Square waves: the cross sea phenomenon can be seen in the Isle of Rhé | Photo: Creative Commons

Have you ever spotted a quadrilateral-shaped wave pattern in the ocean? If so, you've witnessed square waves.

Most waves reach the shore and break horizontally and parallel to the coastline.

However, in some regions of the world, you may notice the creation of a chessboard-like pattern on the surface of the water.

The phenomenon is rare yet extremely dangerous. Looking at these waves from above, it seems like there's an underwater grid forming square-shaped ripples.

You can easily spot the strange pattern by climbing to the top of a lighthouse or cliff or flying a drone over the area.

However, square waves do not result from any circumstance that is taking place below the water.

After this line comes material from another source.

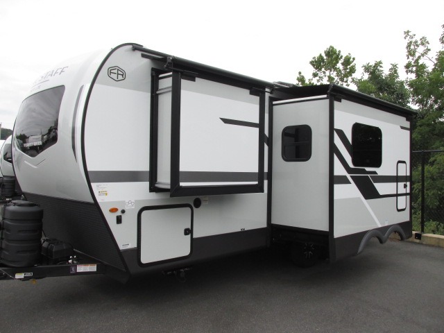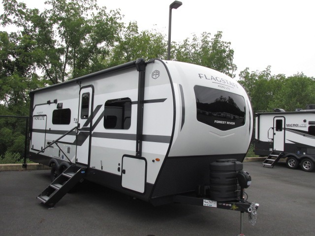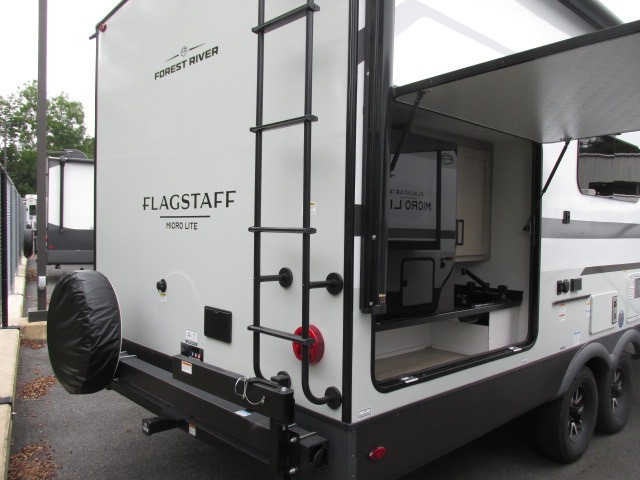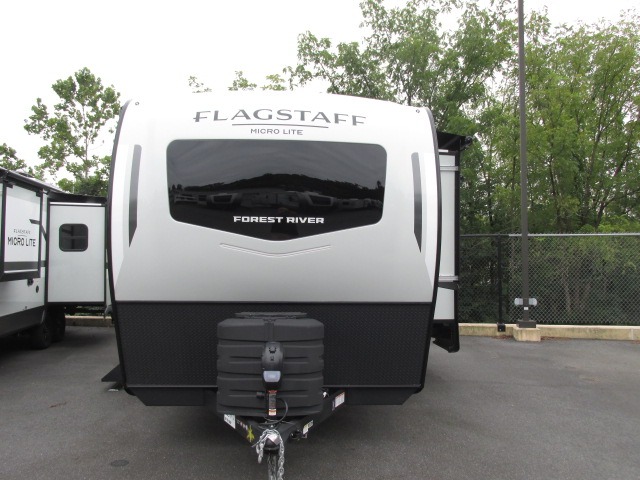 With any Flagstaff Micro Lite travel trailer by Forest River you will enjoy lightweight towing, durable construction, and added interior comforts to make each trip memorable! Each model features RoadTech tire pressure monitoring, Dexter Torflex axles, and nitrogen-filled Goodyear endurance tires for smooth towing from home to campground. The 6-sided aluminum framed construction provides a strong foundation so you can enjoy your RV for years to come, plus the radiant foil in the front cap, underbelly and slides help insulate your trailer. Additional exterior features include a 200W solar panel, back-up camera prep, frameless windows, and slam baggage doors. Each model includes the Great Expectations Package with roller shades, solid surface kitchen countertops, and hidden hinge cabinet doors. There is also an exterior hot/cold water port, outside speakers, a power tongue jack and stabilizer jacks, plus many more conveniences.

Instead, they're the result of the way the water is moving.

In other words, square waves result from the intersection of two seas, also known as cross-sea or grid waves.

A weather pattern in the region causes the waves to form at different angles. When two opposing swells collide, a unique pattern emerges.

Cross sea: when two difference swells collide in open ocean | Photo: Creative Commons

Cross Seas Are Extremely Dangerous

The look of square waves is impressive, but they're extremely dangerous, even in small swell conditions.

If you see square waves in the ocean, get out of the water as soon as possible. Why? Because the phenomenon is usually associated with strong and localized rip tides.

Swimming or surfing in the middle of a cross-sea is not something you should be doing, even if you're an experienced swimmer or wave rider.

Cross swells can also cause boating accidents and shipwrecks.

Square-shaped waves are fascinating, but these criss-cross ripples pose a real threat to everyone and are too strong to get out of.

They can reach 10 feet (three meters) in height.

Cross seas are relatively rare and can appear and disappear within minutes on many beaches worldwide.

The most famous place in the world for watching square waves is Île de Ré - Isle of Ré - in France, as seen in the top picture.

The island, located off the coast of La Rochelle, is a tourist attraction even though cross seas only occur during certain times of the year.

Nevertheless, it has also been spotted in open waters in the South Pacific and the Atlantic Ocean.

The picture above shows the checkered wave pattern between two breakwaters near Lisbon, Portugal, but the occurrence has also been spotted at New Zealand's Whangamatā Beach.

On a small scale, it was also witnessed by SurferToday in Helsinki's Mustikkamaa island in Finland.

Square Waves and Shipping Accidents

As we've seen above, a cross-sea state is the result of several oceanographic phenomena taking place near the coastline, including:

  • Wave Refraction;
  • Wave Diffraction;

Wave refraction is the bending of swells and wave trains due to sudden and more or less changes in depth and bathymetry.

Wave diffraction is the bending of waves due to interaction with coastal features and obstructions like cliffs, headlands, or breakwaters.

So, when two wave systems create an oblique angle wave, it can interfere with shipping routes and cause accidents.

According to the European Space Agency (ESA), these square waves were responsible for a large percentage of ship accidents from 1995 to 1999.

Most of them occurred around the time fast temporal variations of sea state parameters were observed and when wind sea and swell were almost perfectly aligned.

In one of its scientific expeditions, the German research icebreaker vessel RV Polarstern detected and recorded a heavy rolling event created by square waves.

However, the introduction of the Synthetic-Aperture Radar (SAR) and its two-dimensional sea surface images helped detect potentially hazardous cross-sea scenarios, even in cloudy and adverse weather conditions.